4. Aquila Resources (Australia)

Rata-rata pertumbuhan per tahun: 308 persen.
Bidang industri: sumber daya alam.

Perusahaan tambang asal Australia ini memiliki tiga lini bisnis utama yaitu batu bara, bijih besi, dan bijih mangaan.

Dengan kapitalisasi pasar mencapai US$3,3 miliar (Rp29,7 triliun), perusahaan memiliki areal pertambangan di Australia, Afrika Selatan, Botswana, dan Indonesia.

Permintaan yang tinggi dari China membuat Aquila memperoleh pendapatan dari ekspor yang sangat besar. Australia selama ini menjadi pemasok terbesar untuk komoditas bijih besi China. Nilai perdagangan di antara dua negara itu diperkirakan mencapai US$83 miliar (Rp747 triliun) per tahun.

3. Truba Alam Manunggal Engineering (Indonesia)

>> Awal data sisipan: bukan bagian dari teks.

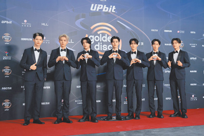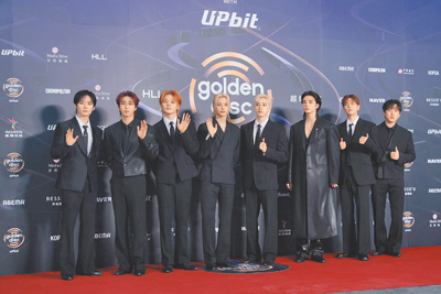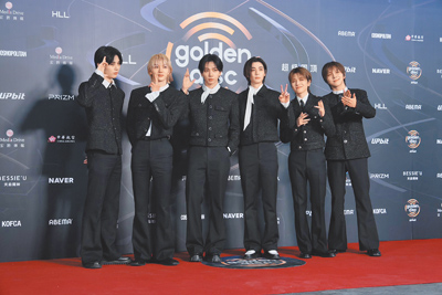 不過本屆金唱片紅毯多數團體仍以黑色作為主要色調,再透過局部色彩或材質變化增加記憶點,例如ALLDAY PROJECT便是在全黑基調中加入金色元素作為亮點,讓團體視覺更為鮮明,團員泰山、Bailey都是以全黑造型亮相,前者以貼身的皮外套、搭配黑色硬挺材質的西裝褲,後者以有肩部誇張廓形、下身則是不對稱設計短洋裝亮相,相當有氣場;而Youngseo、Woochan則是在服裝中點綴金色鈕扣,或是類金色的米色、咖啡色內搭,讓身穿全金亮片洋裝的Annie能自然融入團體之中,也讓ALLDAY PROJECT在紅毯上顯得格外吸睛。
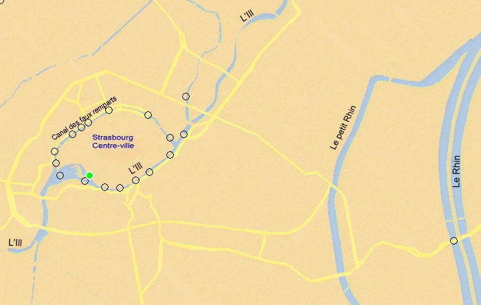Fleuve franchi : l'Ill, département : Bas-Rhin, à proximité : Strasbourg, situé Pont Saint-Martin
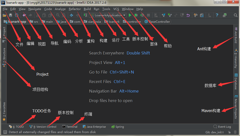 - Status Bar:IDEA右下角的状态栏
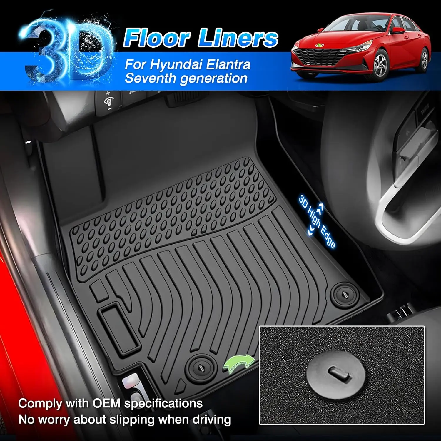 Elantra accessories designed for Hyundai Elantra gas models (not hybrid or GT). These mats offer a perfect fit without trimming. Using 3D screening technology, they capture every corner for optimal coverage. Ideal for 2017-2025 Elantra owners seeking protection and style.

Rata-rata pertumbuhan per tahun: 313 persen.
Bidang industri: Konstruksi dan energi.

Truba Alam Manunggal Engineerig merupakan kontraktor asal Indonesia yang terlibat dalam bidang energi, konstruksi, engineering, dan infrastruktur.

Perusahaan yang baru berdiri pada 2011 di Balikpapan, Kalimantan ini mencatatkan saham di Bursa Efek Indonesia dengan kapitalisasi pasar mencapai US$125 juta (Rp1,12 triliun).

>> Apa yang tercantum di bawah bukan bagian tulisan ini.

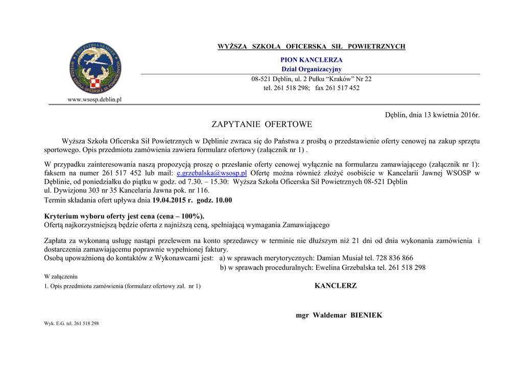 WYŻSZA SZKOŁA OFICERSKA SIŁ POWIETRZNYCH PION KANCLERZA Dział Organizacyjny 08-521 Dęblin, ul. 2 Pułku “Kraków” Nr 22 tel. 261 518 298; fax 261 517 452 www.wsosp.deblin.pl Dęblin, dnia 13 kwietnia 2016r. ZAPYTANIE OFERTOWE Wyższa Szkoła Oficerska Sił Powietrznych w Dęblinie zwraca się do Państwa z prośbą o przedstawienie oferty cenowej na zakup sprzętu sportowego. Opis przedmiotu zamówienia zawiera formularz ofertowy (załącznik nr 1) . W przypadku zainteresowania naszą propozycją proszę o przesłanie oferty cenowej wyłącznie na formularzu zamawiającego (załącznik nr 1): faksem na numer 261 517 452 lub mail: [email protected] Ofertę można również złożyć osobiście w Kancelarii Jawnej WSOSP w Dęblinie, od poniedziałku do piątku w godz. od 7.30. – 15.30: Wyższa Szkoła Oficerska Sił Powietrznych 08-521 Dęblin ul. Dywizjonu 303 nr 35 Kancelaria Jawna pok. nr 116. Termin składania ofert upływa dnia 19.04.2015 r. godz. 10.00 Kryterium wyboru oferty jest cena (cena – 100%). Ofertą najkorzystniejszą będzie oferta z najniższą ceną, spełniającą wymagania Zamawiającego Zapłata za wykonaną usługę nastąpi przelewem na konto sprzedawcy w terminie nie dłuższym niż 21 dni od dnia wykonania zamówienia i dostarczenia zamawiającemu poprawnie wypełnionej faktury. Osobą upoważnioną do kontaktów z Wykonawcami jest: a) w sprawach merytorycznych: Damian Musiał tel. 728 836 866 b) w sprawach proceduralnych: Ewelina Grzebalska tel. 261 518 298 W załączeniu 1. Opis przedmiotu zamówienia (formularz ofertowy zał. nr 1) KANCLERZ mgr Waldemar BIENIEK Wyk. E.G. tel. 261 518 298 Załącznik nr 1 OPIS PRZEDMIOTU ZAMÓWIENIA / FORMULARZ OFERTOWY ZADANIE I Lp Nazwa przedmiotu Obuwie Asics Snapdown Black 1 2 Rozmiar: 41,5 - 1 szt., 42,5 - 1 szt. Opis: oczkowany materiał zapewnia doskonałą wentylację i komfort stop, Zintegrowany system sznurówek, jednoczęściowa, trwała i elastyczna gumowa podeszwa, Znakomita przyczepność i stabilizacja, niska waga Rękawice Masters RBT Thai 2 Rozmiar: 12 OZ - 1 szt. Opis: Rękawice bokserskie wykonane ze skóry. Idealnie zamknięta pięść, przyszyty bardzo dobrze wyprofilowany kciuk. Specjalnie wyprofilowana przednia część rękawicy zasłaniająca kciuk przeciw kontuzjom. Szeroki rzep wokół nadgarstka, zaokrąglony kształt zakończenia rzepów zapobiega przypadkowym kontuzjom przy ześlizgnięciu się ciosu. Wartość netto ogółem zamówienia VAT % Wartość brutto ogółem zamówienia 3 Ochraniacze piszczeli i stóp Masters NS-3 GEL Rozmiar: L - 1 szt. Opis: Ochraniacz na goleń i stopę KING to wykonany ze skóry naturalnej produkt do zabezpieczenia kości piszczelowej i śródstopia w czasie treningu, sparingów i innych dyscyplinach. Potrójna warstwa pianki, chroni w czasie wykonywania kopnięć. Ochraniacz posiada dodatkową warstwę pianki z żelem w kształcie odwrócenej litey "Y" ułożoną wzdłuż, która wzmacnia ochronę. Śródstopie i pięta posiadają ściągacze elastyczne z wszytymi z metalowymi sprzączkami zapięcia na rzepy. SUMA Termin realizacji zamówienia: 7 dni od dnia złożenia zamówienia Gwarancja jaką przedstawił producent Dostawa jednorazowa do magazynu WSOSP wysyłka kurierem Dane dotyczące Wykonawcy: Nazwa Firmy…....................................................................................................................... Siedziba…...................................................................................................................... Nr telefonu:….................................. ……………………………….…… Miejscowość , data NIP:…................................................... REGON…………………………..…………… …………………………….. podpis/pieczęć Wykonawcy Załącznik nr 1 OPIS PRZEDMIOTU ZAMÓWIENIA / FORMULARZ OFERTOWY ZADANIE II Lp 1 2 3 Nazwa przedmiotu Piłka gimnastyczna, fitness, do ćwiczeń 65cm + pompka Spokey - 3 szt. średnica: 65 cm; wielkość po napompowaniu: ok. 60-70 cm maksymalna waga użytkownika: 300 kg, materiał: PVC system Anti-Burst - w przypadku przebicia piłki następuje powolne uwolnienie powietrza; elastyczny materiał wysokiej jakości zapewnia długą żywotność piłki; pompka w zestawie; przykładowe ćwiczenia i instrukcja użytkowania, kolor: czarny; Gwarancja: 12 miesięcy Dysk do ćwiczeń, do masażu, pompowany 32cm Meteor - 6szt. materiał: PCV, średnica: ok. 32 cm, grubość: ok. 5 cm, wykonany z PVC, dysk jest pompowany (bez pompki) wygodny, kolor: czarny, Mata gimnastyczna FLEXMAT III Spokey - 2 szt. wymiary: 180 x 60 x 0,6 cm waga: ok. 1100 g Wartość netto ogółem zamówienia VAT % Wartość brutto ogółem zamówienia materiał: neopren brzegi wykończone lamówką z taśmy właściwości antypoślizgowe nie wchłania wilgoci odporna na odkształcenia i przetarcia troki do spięcia zwiniętej maty uchwyt do przenoszenia kolor: czarno-szary 4 5 Pompka do piłek aluminiowa Meteor - 2 szt. Pompka przeznaczona do pompowania piłek, materacy itp. materiał w pompce to aluminium, dzięki któremu jest bardzo wytrzymała i odporna na uszkodzenia mechaniczne. W zestawie wężyk. Pompka jest tak wykonana, aby podczas pompowania powietrze nie cofało się z pompowanego przedmiotu, możliwość wkręcenia igły bezpośrednio w wylot powietrza pompki. Zegarek sportowy, pulsometr, monitor pracy serca IRONMAN, Timex - 1 szt. Nowoczesny, funkcjonalny zegarek Ironman® Cyfrowy monitor pracy serca umożliwia precyzyjny pomiar poziomu tętna bez zakłóceń. Duża ilość funkcji pozwala na dokładne zaplanowanie treningu, dostosowanie go do indywidualnych możliwości i stałą kontrolę mierzonych parametrów. Funkcja podświetlenia tarczy Night-Mode umożliwia wygodne korzystanie z zegarka podczas treningów po zmierzchu. SUMA ZAD II Termin realizacji zamówienia: 7 dni od dnia złożenia zamówienia Gwarancja jaką przedstawił produ

Sampai saat ini, anak usaha perusahaan, PT Truba Jaya Engineering telah mengantongi kontrak senilai US$115 juta (Rp1,03 triliun), melampuai target 2010 sebesar US$100 juta (Rp900 miliar).

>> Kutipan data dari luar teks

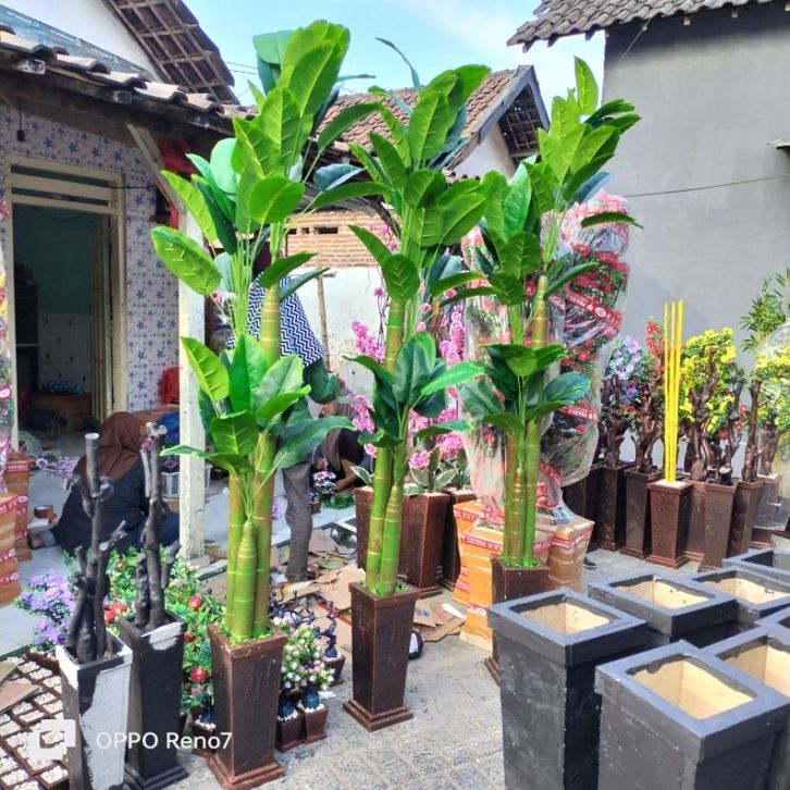 POHON PISANG DENGAN POT JUMBO TINGGI 2 METER //. BUNGA HIAS PISANG ARTIFICIAL PLASTIK KAIN IMPORT TIRUAN DEKORASI

2. Fortescue Metals (Australia).
Rata-rata pertumbuhan per tahun: 383 persen.
Bidang industri: sumber daya alam.

Fortescue Metal adalah perusahaan tambang bijih besi ketiga terbesar di Australia dengan kapitalisasi pasar mencapai US$21,2 miliar (Rp190,8 triliun).

Dibangun pada 2003, perusahaan mengekspor lebih dari 27 juta ton bijih besi ke China selama setahun beroperasi. Australia selama ini memang tercatat sebagai eksportir bijih besi terbesar di dunia dengan menguasai 38 persen pasar logam dunia.

Pada April, perusahaan mengumumkan rencananya untuk mencatatkan saham dual listing di Bursa Hong Kong sebelum akhir 2011. Saat ini, Forescue Metals sudah mencatatkan sahamnya di Bursa Australia.

1. Heilongjiang InterChina Water (China)


Rata-rata pertumbuhan per tahun: 988 persen.
Bidang industri: pengelolaan air.

Heilongjiang InterChina Water adalah penyedia air minum yang melayani konsumen di Provinsi Shanxi, Qinghai, dan Beijing

Perusahaan saat ini tercatat sebagai emiten di Bursa Efek Shanghai dengan nilai kapitalisasi pasar mencapai US$854 juta (Rp7,69 triliun).

Pada 2007, InterChina Water mencapai kesepakatan dengan pemerintah Provinsi Beijing untuk membangun 103 fasilitas pengolahan air limbah di Provinsi Hunan.

Saat ini, InterChina Water tercatat memiliki price to earning ratio (PER) 100 kali, lebih tinggi dari PER Shanghai Composite sebesar 14,8 kali. Perusahaan mencatatkan laba bersih 2010 sebesar US$6,5 juta (Rp58,5 miliar) atau melonjak 50 persen dibandingkan tahun sebelumnya. Pendapatan perusahaan juga meningkat dari US$13 juta (Rp117 miliar) menjadi US$23,5 juta (Rp211,5 miliar) pada tahun lalu.